MEF for everything!
In the first of a series of blogs around my Commons Library, I want to shed more light on my choice of MEF as the underlying mechanism for the AK.Commons.Composition
namespace - which handles dependency injection as well as extensibility or plugin type stuff. I like its attribute based syntax, choice of different types of catalogs and dynamic discovery (and yes, I am not using dynamic discovery just yet but I intend to; the same goes for taking advantage of different types of catalogs). The following three features, however, stood out for me:
The fact that you can support multiple cardinalities - i.e. you can ask for one implementation of something, or many.
Metadata attributes - which you can use decorate your exports with additional metadata. This combines well with multiple cardinalities. I can have multiple providers that implement a single contract. I can then choose the ones I want based on their metadata properties. This is more of an extensibility thing than a DI thing - but you can also use this to introduce versioning into your DI mechanism. You could have multiple versions of something available and the consumer could ask for a specific version (or some predicate around the version). That can lend itself well to setting up a continuous deployment environment.
Lazy imports - oh how I love lazy imports. This lets you define imports that are resolved when the containing class is composed, but the actual value is not computed until it is needed for the first time. That gets me out of circular dependency hell with ease (and I know we should strive to structure things so that there aren’t circular dependencies to begin with, but at times it is unavoidable).

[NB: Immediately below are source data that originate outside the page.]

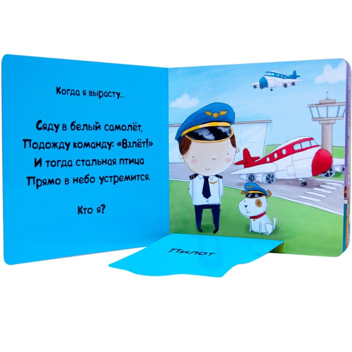 На каждом развороте малыш найдет загадку в стихах, отгадав ее и отогнув клапан, он узнает, кем мечтают стать герои книг, когда вырастут.
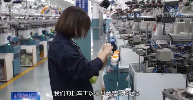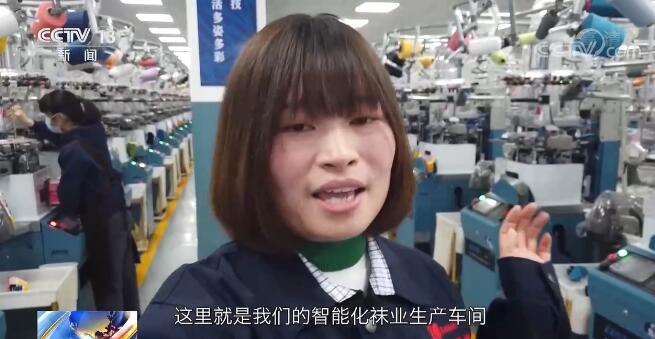 大家好,我叫文园,是浙江凯诗利科技有限公司的一名纺织工人,这里就是我们的智能化袜业生产车间。我爸妈他们都是老一辈做袜子的,像以前做袜子的话,这个袜子是要用手翻来翻去的,我看他们经常手上贴着胶布,看得我都很心慌。我们现在用的是全新的数字化袜机,把以前很多的步骤都已经省略掉了,所以我现在不会担心会伤手,大家看下我的手,现在是一点伤口都没有,也不会红,所以我现在干得挺开心的。
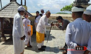 Selain itu, Kapolsek melaksanakan persembahyangan di Pura Luhur Uluwatu serta menyerahkan bantuan berupa alat-alat sembahyang dan sembako kepada pengemong pura sebagai bentuk kepedulian.

One other factor is that MEF is part of the framework as opposed to being a third party library, and that Microsoft is behind it. That means one less third party dependency to deal with if you wanted to use AK.Commons. I already have this cool extensibility mechanism that is part of the framework, and it does what I need for DI. Why not use it for DI as well? I have heard the whole “MEF is not for DI” debate quite a bit. It has worked well for me so far though.
One thing I miss in MEF is support for AOP. I do intend to do something about that pretty soon though!